The following people are considered by Pantheon to be the most legendary Serbian Social Activists of all time. This list of famous Serbian Social Activists is sorted by HPI (Historical Popularity Index), a metric that aggregates information on a biography’s online popularity.

Photo of Dragutin Dimitrijević

1. Dragutin Dimitrijević (1876 - 1917)

With an HPI of 63.41, Dragutin Dimitrijević is the most famous Serbian Social Activist.  His biography has been translated into 26 different languages on wikipedia.

Dragutin Dimitrijević (Serbian Cyrillic: Драгутин Димитријевић; 17 August 1876 – 24 June 1917), better known by his nickname Apis, was a Serbian army officer and chief of the military intelligence section of the general staff in 1913. He is best known as the most prominent member of the Black Hand, a secret military society that organised the 1903 overthrow of the Serbian government and assassination of King Alexander I of Serbia and Queen Draga.
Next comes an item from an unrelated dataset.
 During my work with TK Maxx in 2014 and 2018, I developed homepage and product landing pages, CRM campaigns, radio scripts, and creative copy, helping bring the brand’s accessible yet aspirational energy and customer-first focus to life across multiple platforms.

Some scholars believe that he also initiated the plot to kill the Archduke Franz Ferdinand in June 1914, which led to the July Crisis and the outbreak of World War I. In 1916, the government in exile of Serbian Prime Minister Nikola Pašić, who considered Dimitrijević a threat, filed charges of high treason against the leadership of Unification or Death. Dimitrijević was tried at Salonika before a court martial arraigned by his opponents within the Serbian government. He was found guilty of conspiring to assassinate Prince Regent Alexander Karadjordjević and executed by firing squad, along with two other members, on 26 June 1917.

Photo of Vesna Vulović

2. Vesna Vulović (1950 - 2016)

With an HPI of 61.07, Vesna Vulović is the 2nd most famous Serbian Social Activist.  Her biography has been translated into 34 different languages.
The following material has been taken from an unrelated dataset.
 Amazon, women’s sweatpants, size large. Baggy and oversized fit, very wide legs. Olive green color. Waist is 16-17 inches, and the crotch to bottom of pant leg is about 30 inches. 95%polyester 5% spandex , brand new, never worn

Vesna Vulović (Serbian Cyrillic: Весна Вуловић, pronounced [ʋêsna ʋûːloʋitɕ]; 3 January 1950 – 23 December 2016) was a Serbian flight attendant who survived the highest fall without a parachute: 10.16 kilometres (6.31 miles) or 33,330 feet. She was the sole survivor after an explosion tore through the baggage compartment of JAT Flight 367 on 26 January 1972, causing it to crash near Srbská Kamenice, Czechoslovakia (now part of the Czech Republic). Air safety investigators attributed the explosion to a briefcase bomb. The Yugoslav authorities suspected that émigré Croatian nationalists were to blame, but no one was ever arrested. Following the bombing, Vulović spent days in a coma and was hospitalized for several months. She suffered a fractured skull, three broken vertebrae, broken legs, broken ribs, and a fractured pelvis. These injuries resulted in her being temporarily paralyzed from the waist down. Vulović made an almost complete recovery but continued to walk with a limp. She had little to no memory of the incident and had no qualms about flying in the aftermath of the crash. Despite her willingness to resume work as a flight attendant, Jat Airways (JAT) gave her a desk job negotiating freight contracts, feeling her presence on flights would attract too much publicity. Vulović became a celebrity in Yugoslavia and was deemed a national hero. Vulović was fired from JAT in the early 1990s after taking part in anti-government protests during the breakup of Yugoslavia, but avoided arrest as the government was concerned about the negative publicity that her imprisonment would bring. She continued her work as a pro-democracy activist until the Socialist Party of Serbia was ousted from power during the Bulldozer Revolution of October 2000. Vulović later campaigned on behalf of the Democratic Party, advocating Serbia's entry into the European Union. Her final years were spent in seclusion, and she struggled with survivor guilt. Having divorced, Vulović lived alone in her Belgrade apartment on a small pension until her death in 2016.

Pantheon has 2 people classified as social activists born between 1876 and 1950. Of these 2, none of them are still alive today. The most famous deceased social activists include Dragutin Dimitrijević and Vesna Vulović.